在林觉看来,杜微渐是有见地的,自己那些关于新法条例的看法,杜微渐也是有着同样的观感。而自己是基于历史发生过的经验教训得出的结论,而杜微渐则完全是因为他自己的思索,这一点上林觉便已经自叹不如了。

杜微渐也是个有骨气的人,他可不像林觉看到的很多官员一样只知道媚上逢迎。在原则立场上,他敢跟自己一起站在严正肃和方先生的对立面上,数次抗辩争论,这便是他做事的态度。这是需要有极大的勇气的。

杜微渐也是个有理想的人。这年头,物欲横流,人人贪图享乐安逸之时,像杜微渐这种人很少见。他来条例司是主动前来的,因为他抱着一腔为大周尽忠效力的理想。他是为了助新法变革一臂之力,才放弃了枢密院的官职主动请缨的。他不像其他一些人,来条例司的动机不纯,是为了投机钻营而来。他的目标很单纯,就是希望协助两位大人制定好的新法,为富国强兵的目标作出贡献。

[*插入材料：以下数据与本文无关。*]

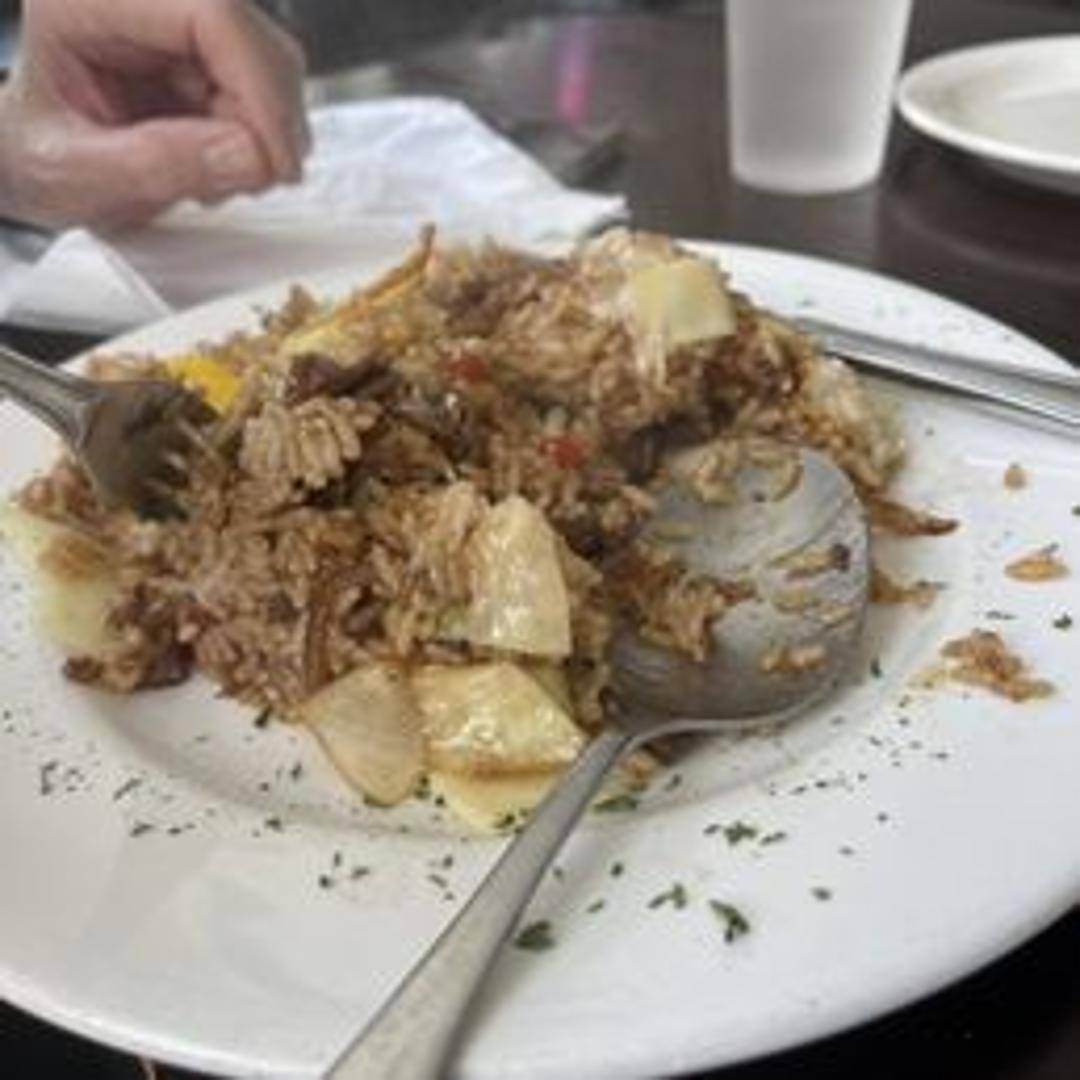 Savory fried rice inspired by Korean flavors. Features seasoned rice stir-fried with vegetables, protein (specify if any - e.g., kimchi, beef, chicken, or tofu), and a special blend of Korean spices and sauces. Often topped with a fried egg and sesame seeds for added richness and texture.
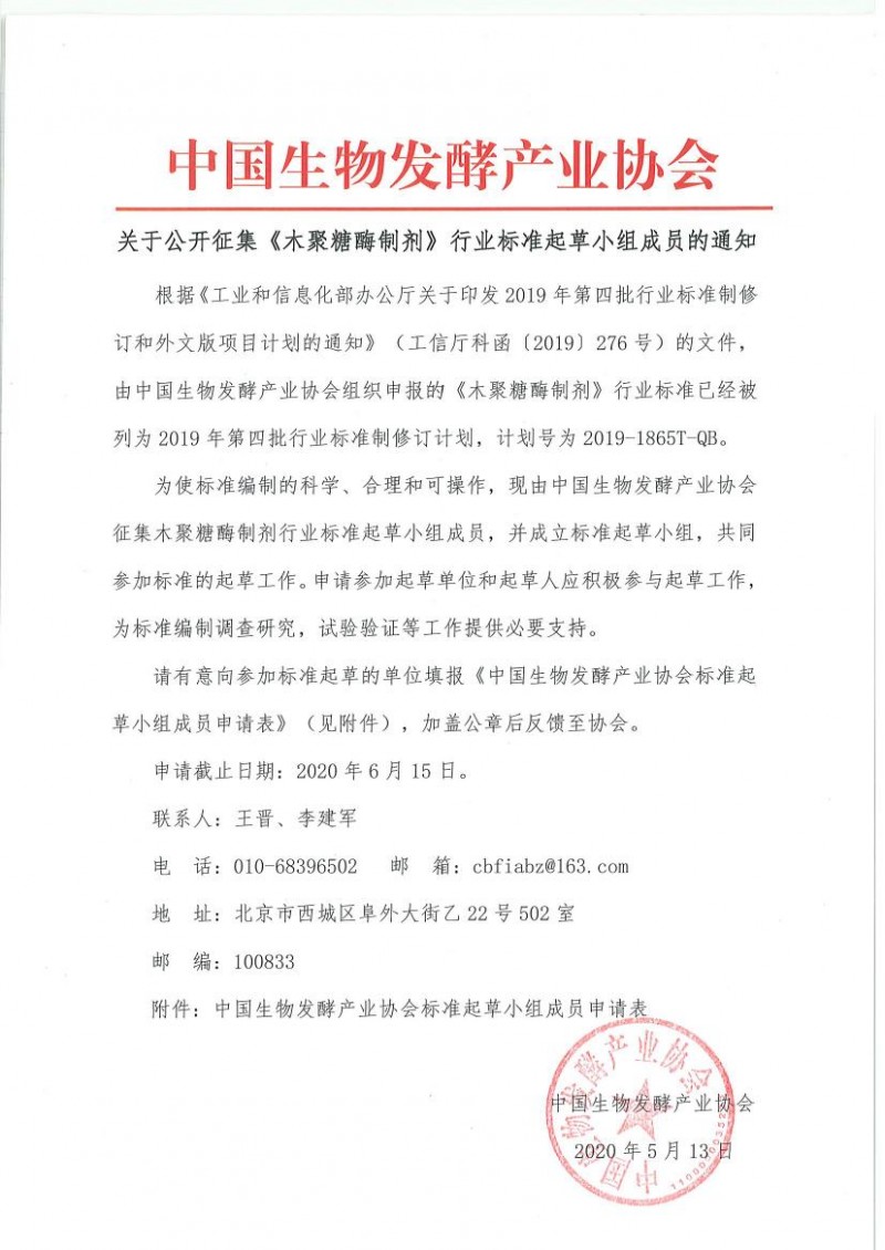 下載中心首頁 » 動態公告 » 標準動態 » 中國生物發酵產業協會關于公開征集《木聚糖酶制劑》行業標準起草小組成員的通知

杜微渐也是个果断的人。林觉不认为杜微渐是因为自己而辞官的。即便有这个因素在内,那也只占一小部分。林觉认为,杜微渐之所以毅然辞官,那是他看清楚了,严正肃和方敦孺的变法不是他想要的那种变法。在百般劝说无效,严方两位大人甚至以欺骗手段来隐瞒真实目的之后,杜微渐的理想应该是遭受了极大的打击。他知道这一次的变法跟他想象中的已经差之千里。所以他选择了离开。这个举动倒像是二十年前的方敦孺,当年的方敦孺也是这般的理想主义,而且果决的很。当发现朝廷的作法跟自己理念不合,并且无力改变时现状是,方敦孺的选择也是离开朝廷,回到杭州去创办松山书院。

林觉为杜微渐的离去赶到惋惜,朝廷官员中最缺的便是这种人,而这种人偏偏无法在朝中立足。林觉不知道杜微渐去了何处,否则必是要派人去追回他,跟他好好的谈一谈的,因为林觉绝不是那种一走了之的人,林觉希望他也不是那样的人。记忆中似乎模糊记得杜微渐是京东东路之人,也许他回老家了。林觉决定派人去瞧瞧,倘若能找到杜微渐,林觉打算去信跟他联络交往,延续这段友情。

三天后,林觉的身体基本痊愈。而翰林学士院也派人送来了通知,要林觉尽快去崇政殿说书公房去报到。林觉虽然极不情愿回到那个地方去,但却也无从选择。

这封弹劾奏疏列举了严正肃方敦孺十宗大罪。

“……其罪一:严方二人蔑视朝廷法度,自大无礼。严正肃为副相之时,每以好恶判事,不以朝廷法令行事。方敦孺身为御史中丞,审案以风闻为据,律法形同空文……”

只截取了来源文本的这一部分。